Accounting for more than 40 percent of the world's greenhouse gas emissions, the United States and China should work together to prevent runaway climate change and demonstrate to the world sustainable, low-carbon development models. As emissions around the world continue to increase, collaboration between the two countries in key areas such as energy efficiency and clean energy is essential to stabilize the Earth's climate.
The US and China should use the ongoing UN climate change conference in Cancun, Mexico, to re-affirm their commitment to addressing their domestic emissions and improving reporting and transparency on their domestic actions. They should take steps to become a model for international collaboration in the pursuit of low-carbon solutions and the resulting economic, social and environmental benefits.
Having worked in China for the last 15 years on projects to improve the efficiency of China's industries and buildings, and develop clean energy, our organization, the Natural Resources Defense Council (NRDC), has witnessed first-hand the surge in recent years in national and local policies to adopt efficient, low-carbon technologies.
Textile mills consume and pollute as much as 200 tons of water to make one ton of fabric, and emit considerable volume of carbon dioxide (CO2).
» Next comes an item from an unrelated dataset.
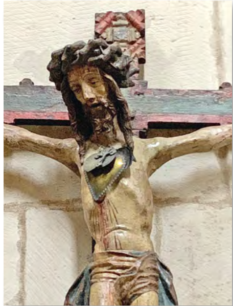
Pestkreuz im Paulus-Dom zu Münster

Schwer genug! Denn da ist ja nicht nur das Kreuz Jesu. Da ist auch unser Kreuz und das Kreuz der Anderen. Die ganze Welt scheint die Signatur des Kreuzes zu tragen. Fühlen wir uns oft nicht hilflos und völlig ohnmächtig angesichts des Leidens so vieler Unschuldiger? Die Welt selber scheint zum Problem geworden zu sein, und nur der Glaube an die Liebe Gottes, der sich in Jesus Christus mit uns vereint, bringt Licht in ihre Finsternis und erhellt die Not unserer Tage.

The NRDC's "responsible sourcing initiative" techniques not only reduce water pollution and energy use, but also help textile mills run more efficiently and use fewer resources, saving companies significant amount of money.
If just 100 small- to medium-sized textile mills implement our recommended improvements, China would save more than 16 million tons of water a year, enough to provide 12.4 million people with drinking water for a year. The practices can also eliminate nearly 1 million tons of CO2 a year, about the same volume that 172,000 cars emit in one year.
In November 2009, President Hu Jintao and US President Barack Obama strengthened China-US collaboration on clean energy through a broad set of initiatives, including the establishment of a joint Clean Energy Research Center, which will focus initially on building efficiency, carbon capture and storage, and electric vehicles (NRDC is a member of the building efficiency consortium).
The US-China clean energy initiatives, no doubt, will be fruitful and have meaningful economic and environmental impacts far beyond the investments that each country makes.
Despite its significant efforts and achievements in improving energy efficiency and addressing its emissions over the last five years, China has not always got the recognition it deserves. This in part is because other countries do not understand the significant steps that China has been taking to fight climate change, and in part because of the relative lack of transparency of China's energy use and emissions.
The compromise that China and the US reached at the Copenhagen climate conference last year requires developing countries to increase the frequency of their reporting on mitigation actions and emission inventories to every two years, bringing them more in line with the reporting requirements of developed countries. This should help increase mutual understanding and trust among countries, and assure them that each is doing its part to fight climate change.